Start of Block

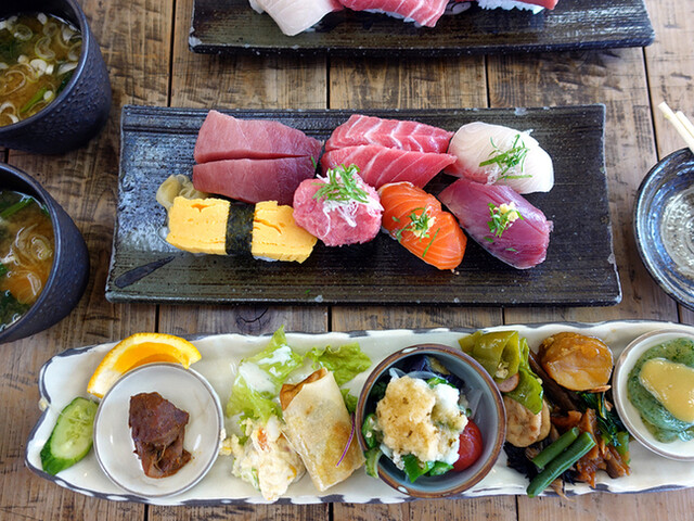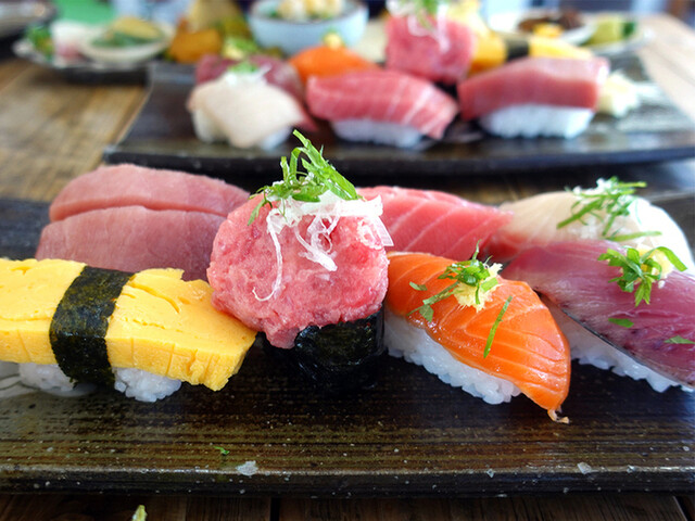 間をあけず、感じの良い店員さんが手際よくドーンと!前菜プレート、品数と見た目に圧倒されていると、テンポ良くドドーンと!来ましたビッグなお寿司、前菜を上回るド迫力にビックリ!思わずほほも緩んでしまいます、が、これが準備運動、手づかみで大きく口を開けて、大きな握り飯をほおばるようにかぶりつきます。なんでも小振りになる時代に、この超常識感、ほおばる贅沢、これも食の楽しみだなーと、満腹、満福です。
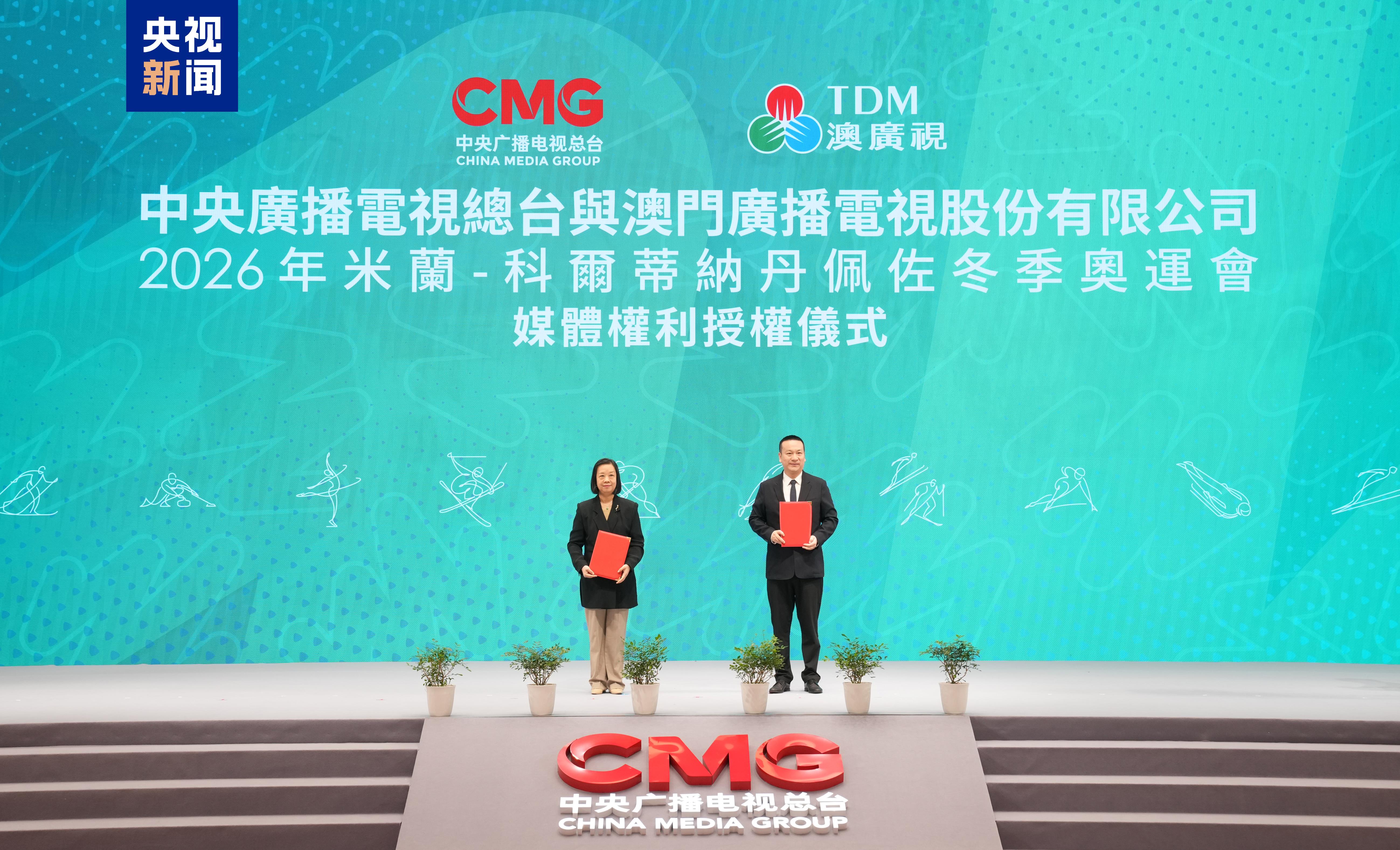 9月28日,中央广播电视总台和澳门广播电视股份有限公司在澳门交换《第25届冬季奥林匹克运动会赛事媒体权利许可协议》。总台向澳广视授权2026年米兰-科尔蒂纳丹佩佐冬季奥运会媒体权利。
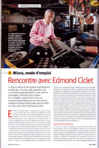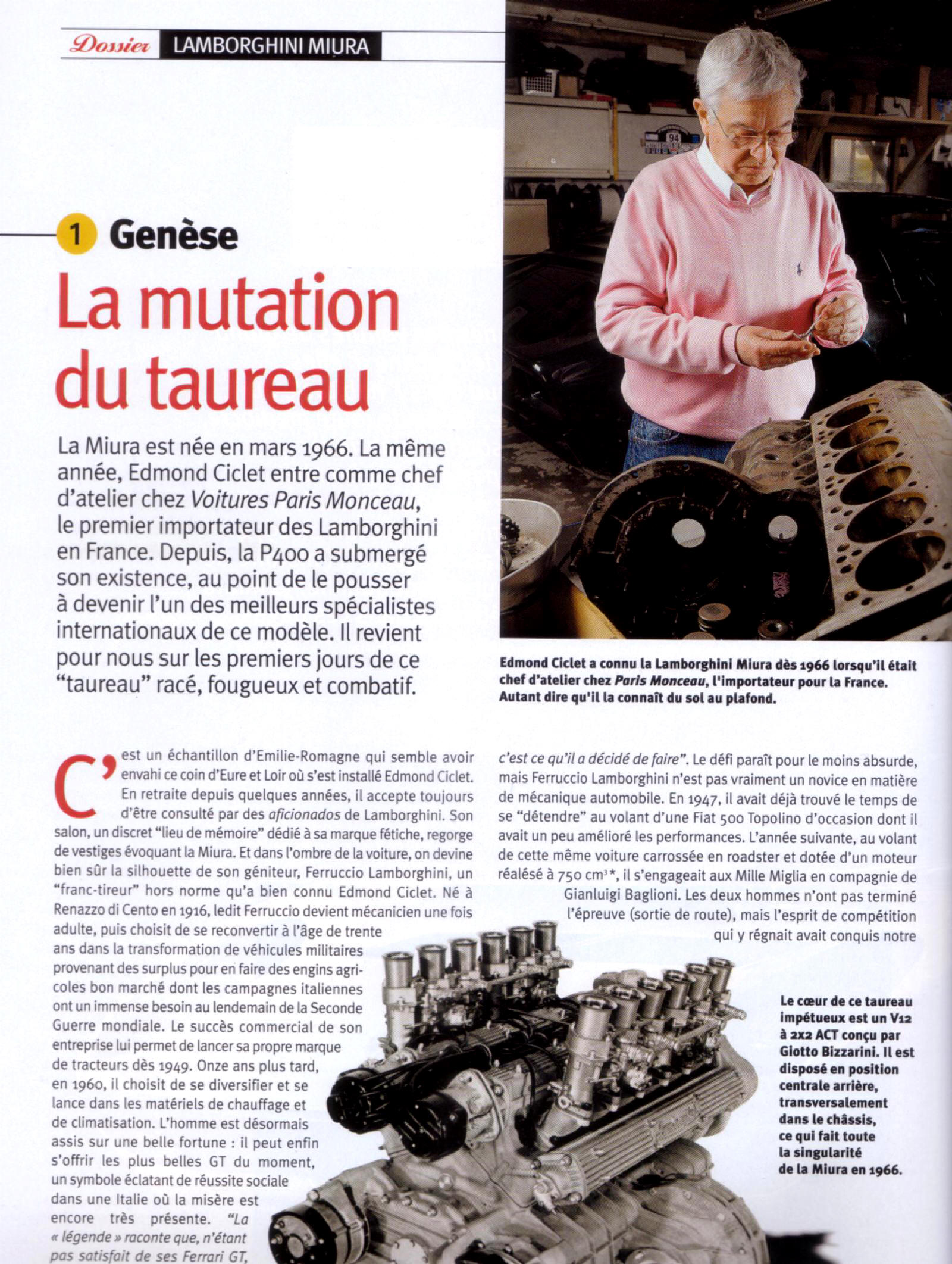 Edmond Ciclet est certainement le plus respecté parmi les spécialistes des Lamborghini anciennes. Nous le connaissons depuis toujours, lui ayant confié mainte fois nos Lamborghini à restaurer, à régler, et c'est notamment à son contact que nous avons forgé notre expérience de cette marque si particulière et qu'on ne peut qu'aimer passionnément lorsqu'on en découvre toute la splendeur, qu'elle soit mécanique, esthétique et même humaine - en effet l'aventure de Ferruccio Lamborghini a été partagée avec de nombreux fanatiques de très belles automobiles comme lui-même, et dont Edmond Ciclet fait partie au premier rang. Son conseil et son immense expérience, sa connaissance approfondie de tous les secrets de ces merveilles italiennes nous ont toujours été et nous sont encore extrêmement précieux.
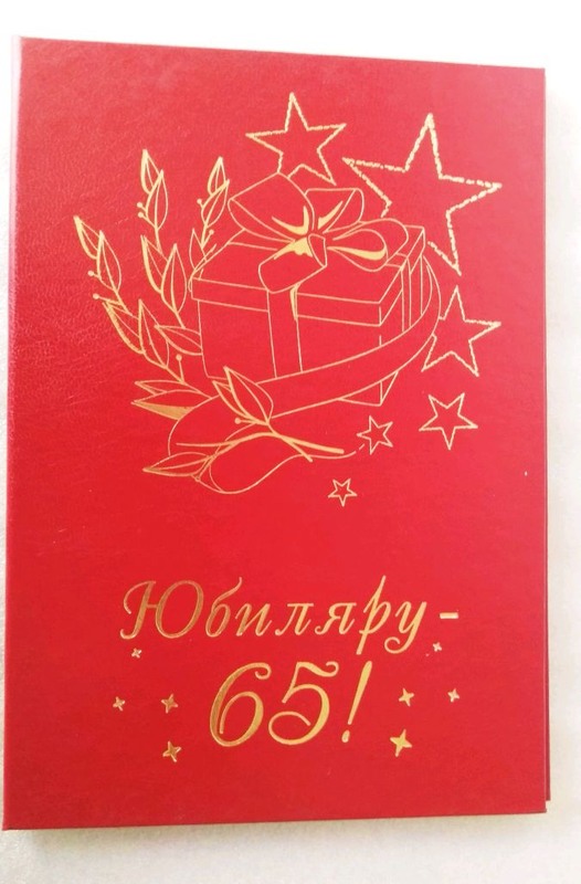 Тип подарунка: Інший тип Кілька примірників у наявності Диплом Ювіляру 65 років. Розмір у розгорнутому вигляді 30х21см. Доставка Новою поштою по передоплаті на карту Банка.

End of Block

What to do — Leave the pictures out and please restate exactly the lines running from the start of the material through the one with "9月28日,中央广播电视总台".

Solved exercise —
 間をあけず、感じの良い店員さんが手際よくドーンと!前菜プレート、品数と見た目に圧倒されていると、テンポ良くドドーンと!来ましたビッグなお寿司、前菜を上回るド迫力にビックリ!思わずほほも緩んでしまいます、が、これが準備運動、手づかみで大きく口を開けて、大きな握り飯をほおばるようにかぶりつきます。なんでも小振りになる時代に、この超常識感、ほおばる贅沢、これも食の楽しみだなーと、満腹、満福です。
 9月28日,中央广播电视总台和澳门广播电视股份有限公司在澳门交换《第25届冬季奥林匹克运动会赛事媒体权利许可协议》。总台向澳广视授权2026年米兰-科尔蒂纳丹佩佐冬季奥运会媒体权利。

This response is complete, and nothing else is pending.